This type of workload called cloud-native application
workloads have fundamental characteristics and
usage patterns that differ from traditional scale-up
application workloads.
IT organizations embracing cloud computing face the challenge of having to support
and deliver both traditional, scale-up application workloads and cloud-native, scale
out application workloads, often under the same resource envelope. Decisions
regarding cloud architecture, leveraging existing investments, and more importantly,
the long term operational aspects necessary to support diverse application
workloads are critical to developing a successful long-term cloud strategy.

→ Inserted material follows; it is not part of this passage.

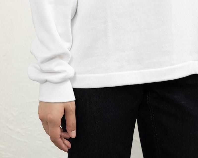 肌当たりの良いハイネックの衿と、洗いたてのタオルの様な裏パイル生地。裾をしぼらない身体の線を出さずにストンと落ちるシルエットで、すっぽり被り袖を通すとコットンパイルの心地よさに暖かく包まれます。良質な糸を厳選し、国内で丁寧に編み上げて染色した綿100%の裏パイル生地(本体部分)。素肌に心地よく、裏起毛のように洗濯して痩せにくいのも特長のひとつです。また適度な厚みを持ち、洗いこむ程に体になじんできます。

Cloud-native application workloads versus traditional
application workloads
Cloud-native application workloads are designed for an infrastructure layer that is
not resilient. The application service is expected to remain functional and continue
to deliver the same level of performance even if there are failures on any given
node or component. Examples of scale-out, cloud-native application workloads
include data serving, search, social and mobile apps, batch processing, big data/
analytics, noSQL and HPC. The rate of dynamic scaling and elasticity of these
types of workloads would not be possible without advanced software development
techniques. As an example, take the analysis of massive data sets or Big Data,
using MapReduce. Farms of servers handle the filtering and transformation of the
data (which is called the Map phase). Independent farms of servers handle the
aggregation of the results or what is called the Reduce phase. File read and writes
between the two systems and the parallel execution exemplify typical cloud-native
application workloads.
In contrast to scale out, cloud-native application workloads, traditional client-server
or n-tier applications running in the enterprise datacenter scale up by adding
infrastructure, generally by adding webservers or database servers. Traditional
application workloads are designed to run on reliable, enterprise-grade hardware,
where the underlying server or storage device isn’t expected to fail during normal
course of operation. Admins can implement high availability measures such as
reserving specific physical infrastructure such as a blade server to create a reserve
buffer. In the case of a failure, the platform will provision the standby infrastructure.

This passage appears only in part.